[Saved data entries]
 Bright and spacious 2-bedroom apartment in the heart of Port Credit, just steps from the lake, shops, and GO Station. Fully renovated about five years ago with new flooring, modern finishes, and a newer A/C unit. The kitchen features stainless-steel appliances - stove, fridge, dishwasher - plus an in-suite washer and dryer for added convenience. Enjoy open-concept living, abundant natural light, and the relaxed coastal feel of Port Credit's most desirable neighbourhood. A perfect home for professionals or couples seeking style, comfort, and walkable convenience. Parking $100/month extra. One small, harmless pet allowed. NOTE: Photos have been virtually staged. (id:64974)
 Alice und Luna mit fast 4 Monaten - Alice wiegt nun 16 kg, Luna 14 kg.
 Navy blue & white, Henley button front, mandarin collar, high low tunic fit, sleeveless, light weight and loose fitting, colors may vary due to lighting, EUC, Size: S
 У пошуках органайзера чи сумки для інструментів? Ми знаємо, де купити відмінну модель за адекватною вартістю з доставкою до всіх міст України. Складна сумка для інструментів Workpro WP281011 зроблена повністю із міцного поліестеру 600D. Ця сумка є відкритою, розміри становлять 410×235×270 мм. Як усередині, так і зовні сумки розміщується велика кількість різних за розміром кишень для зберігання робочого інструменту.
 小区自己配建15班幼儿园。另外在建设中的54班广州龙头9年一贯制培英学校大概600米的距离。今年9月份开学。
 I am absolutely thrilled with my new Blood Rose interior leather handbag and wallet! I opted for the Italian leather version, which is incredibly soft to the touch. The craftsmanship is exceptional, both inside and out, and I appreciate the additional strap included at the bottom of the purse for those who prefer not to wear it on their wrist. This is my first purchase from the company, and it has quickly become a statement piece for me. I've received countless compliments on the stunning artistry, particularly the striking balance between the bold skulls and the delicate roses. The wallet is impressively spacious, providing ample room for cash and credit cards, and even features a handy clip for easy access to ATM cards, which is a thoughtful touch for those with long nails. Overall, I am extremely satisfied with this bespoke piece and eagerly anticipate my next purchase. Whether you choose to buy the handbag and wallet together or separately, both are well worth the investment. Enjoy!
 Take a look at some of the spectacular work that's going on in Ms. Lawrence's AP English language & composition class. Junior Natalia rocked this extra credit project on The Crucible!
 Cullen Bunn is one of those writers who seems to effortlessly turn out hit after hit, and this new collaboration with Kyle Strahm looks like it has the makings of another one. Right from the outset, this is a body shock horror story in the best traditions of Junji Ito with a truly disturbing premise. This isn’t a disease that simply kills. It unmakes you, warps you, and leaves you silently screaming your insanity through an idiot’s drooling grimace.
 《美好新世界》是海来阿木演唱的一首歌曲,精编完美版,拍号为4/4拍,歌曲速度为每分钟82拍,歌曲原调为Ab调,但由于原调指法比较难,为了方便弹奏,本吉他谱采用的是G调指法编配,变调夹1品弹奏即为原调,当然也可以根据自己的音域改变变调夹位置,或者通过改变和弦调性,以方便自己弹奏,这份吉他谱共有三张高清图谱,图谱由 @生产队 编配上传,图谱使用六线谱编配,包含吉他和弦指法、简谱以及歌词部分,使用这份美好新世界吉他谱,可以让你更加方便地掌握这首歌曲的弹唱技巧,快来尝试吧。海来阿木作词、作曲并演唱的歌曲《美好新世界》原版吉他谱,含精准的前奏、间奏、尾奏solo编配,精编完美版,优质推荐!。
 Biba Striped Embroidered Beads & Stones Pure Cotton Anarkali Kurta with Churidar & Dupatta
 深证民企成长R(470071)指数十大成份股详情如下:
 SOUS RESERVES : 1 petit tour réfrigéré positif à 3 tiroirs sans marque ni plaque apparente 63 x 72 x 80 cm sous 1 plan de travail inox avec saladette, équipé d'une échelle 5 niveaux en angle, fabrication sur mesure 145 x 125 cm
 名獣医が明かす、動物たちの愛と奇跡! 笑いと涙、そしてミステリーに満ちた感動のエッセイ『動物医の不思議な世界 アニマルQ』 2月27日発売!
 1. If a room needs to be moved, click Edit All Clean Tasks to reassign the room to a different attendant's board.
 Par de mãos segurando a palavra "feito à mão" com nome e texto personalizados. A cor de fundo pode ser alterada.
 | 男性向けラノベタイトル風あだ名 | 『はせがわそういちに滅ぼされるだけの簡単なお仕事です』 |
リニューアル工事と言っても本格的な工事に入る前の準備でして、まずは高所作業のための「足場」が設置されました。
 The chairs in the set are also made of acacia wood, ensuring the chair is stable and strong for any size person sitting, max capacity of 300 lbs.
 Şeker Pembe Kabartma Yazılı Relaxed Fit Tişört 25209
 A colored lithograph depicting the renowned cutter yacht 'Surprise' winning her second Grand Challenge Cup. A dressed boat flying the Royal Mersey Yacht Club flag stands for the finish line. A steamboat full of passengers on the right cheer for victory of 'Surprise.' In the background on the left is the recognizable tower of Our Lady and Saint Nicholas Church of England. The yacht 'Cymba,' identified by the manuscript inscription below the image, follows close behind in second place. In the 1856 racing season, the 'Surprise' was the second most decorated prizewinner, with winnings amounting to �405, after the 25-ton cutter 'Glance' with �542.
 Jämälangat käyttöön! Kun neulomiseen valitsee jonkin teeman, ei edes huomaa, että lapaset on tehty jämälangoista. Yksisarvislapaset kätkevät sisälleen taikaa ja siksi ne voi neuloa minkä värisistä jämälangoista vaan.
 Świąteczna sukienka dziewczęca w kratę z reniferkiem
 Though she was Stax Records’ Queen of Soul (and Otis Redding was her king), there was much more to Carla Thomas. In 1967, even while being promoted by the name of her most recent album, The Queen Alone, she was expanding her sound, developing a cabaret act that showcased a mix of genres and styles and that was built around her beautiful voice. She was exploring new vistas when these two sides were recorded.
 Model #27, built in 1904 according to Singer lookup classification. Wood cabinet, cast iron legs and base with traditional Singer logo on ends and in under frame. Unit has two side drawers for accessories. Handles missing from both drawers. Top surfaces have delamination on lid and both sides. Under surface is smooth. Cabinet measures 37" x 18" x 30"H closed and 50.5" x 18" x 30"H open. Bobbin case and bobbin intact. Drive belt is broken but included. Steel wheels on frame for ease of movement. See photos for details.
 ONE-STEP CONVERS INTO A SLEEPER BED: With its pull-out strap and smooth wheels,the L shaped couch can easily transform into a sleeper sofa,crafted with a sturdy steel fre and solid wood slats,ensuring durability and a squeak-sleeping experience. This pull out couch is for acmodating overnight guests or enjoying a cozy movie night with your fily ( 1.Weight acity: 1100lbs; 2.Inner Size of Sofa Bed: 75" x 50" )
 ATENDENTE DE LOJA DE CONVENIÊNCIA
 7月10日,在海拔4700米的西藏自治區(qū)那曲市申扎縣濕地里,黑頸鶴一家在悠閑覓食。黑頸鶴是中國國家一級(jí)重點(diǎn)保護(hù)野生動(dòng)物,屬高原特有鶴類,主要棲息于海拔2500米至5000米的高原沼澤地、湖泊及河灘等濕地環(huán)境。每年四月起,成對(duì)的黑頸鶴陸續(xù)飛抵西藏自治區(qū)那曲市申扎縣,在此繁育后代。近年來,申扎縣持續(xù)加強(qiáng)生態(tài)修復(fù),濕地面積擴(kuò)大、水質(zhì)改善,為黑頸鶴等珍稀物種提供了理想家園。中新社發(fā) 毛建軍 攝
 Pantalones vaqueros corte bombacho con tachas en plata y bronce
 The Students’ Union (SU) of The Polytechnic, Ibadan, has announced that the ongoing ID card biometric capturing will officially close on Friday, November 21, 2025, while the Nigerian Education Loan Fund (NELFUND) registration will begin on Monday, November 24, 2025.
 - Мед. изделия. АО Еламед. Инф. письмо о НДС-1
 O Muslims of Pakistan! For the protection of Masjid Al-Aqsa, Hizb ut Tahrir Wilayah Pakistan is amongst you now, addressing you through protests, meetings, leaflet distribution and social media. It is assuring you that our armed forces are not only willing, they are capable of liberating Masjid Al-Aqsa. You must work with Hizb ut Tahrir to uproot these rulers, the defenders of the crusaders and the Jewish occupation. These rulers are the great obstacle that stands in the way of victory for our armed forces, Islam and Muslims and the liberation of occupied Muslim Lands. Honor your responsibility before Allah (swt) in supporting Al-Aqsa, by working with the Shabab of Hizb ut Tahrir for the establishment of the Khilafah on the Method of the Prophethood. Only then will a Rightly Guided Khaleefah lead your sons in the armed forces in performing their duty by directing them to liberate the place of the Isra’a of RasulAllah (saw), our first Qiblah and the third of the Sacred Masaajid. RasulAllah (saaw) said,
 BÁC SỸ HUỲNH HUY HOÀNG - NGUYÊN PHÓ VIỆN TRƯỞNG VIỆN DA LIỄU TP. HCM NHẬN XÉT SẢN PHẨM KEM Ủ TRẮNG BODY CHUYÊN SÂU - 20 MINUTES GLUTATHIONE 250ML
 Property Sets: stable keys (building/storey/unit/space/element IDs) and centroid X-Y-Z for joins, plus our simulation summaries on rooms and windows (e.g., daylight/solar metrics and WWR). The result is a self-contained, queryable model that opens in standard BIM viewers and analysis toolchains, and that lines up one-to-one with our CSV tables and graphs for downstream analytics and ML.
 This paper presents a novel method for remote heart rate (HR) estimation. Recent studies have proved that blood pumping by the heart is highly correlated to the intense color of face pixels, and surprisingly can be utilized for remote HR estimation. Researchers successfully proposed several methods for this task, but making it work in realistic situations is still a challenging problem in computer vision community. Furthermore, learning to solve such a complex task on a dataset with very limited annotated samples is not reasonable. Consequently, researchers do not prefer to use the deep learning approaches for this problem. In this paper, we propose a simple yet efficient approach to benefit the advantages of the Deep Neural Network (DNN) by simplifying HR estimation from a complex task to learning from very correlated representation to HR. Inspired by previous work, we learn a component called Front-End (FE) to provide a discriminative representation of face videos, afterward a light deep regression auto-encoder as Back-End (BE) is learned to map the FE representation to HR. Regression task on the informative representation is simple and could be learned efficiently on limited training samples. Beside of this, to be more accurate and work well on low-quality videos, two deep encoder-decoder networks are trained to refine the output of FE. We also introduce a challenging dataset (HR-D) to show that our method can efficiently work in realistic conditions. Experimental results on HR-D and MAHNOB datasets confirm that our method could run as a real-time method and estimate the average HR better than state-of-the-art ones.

Work to complete: The reply should consist solely of the lines of the data, exact, from the opening line through the line with "Navy blue &", inclusive.

Solution below:
 Bright and spacious 2-bedroom apartment in the heart of Port Credit, just steps from the lake, shops, and GO Station. Fully renovated about five years ago with new flooring, modern finishes, and a newer A/C unit. The kitchen features stainless-steel appliances - stove, fridge, dishwasher - plus an in-suite washer and dryer for added convenience. Enjoy open-concept living, abundant natural light, and the relaxed coastal feel of Port Credit's most desirable neighbourhood. A perfect home for professionals or couples seeking style, comfort, and walkable convenience. Parking $100/month extra. One small, harmless pet allowed. NOTE: Photos have been virtually staged. (id:64974)
 Alice und Luna mit fast 4 Monaten - Alice wiegt nun 16 kg, Luna 14 kg.
 Navy blue & white, Henley button front, mandarin collar, high low tunic fit, sleeveless, light weight and loose fitting, colors may vary due to lighting, EUC, Size: S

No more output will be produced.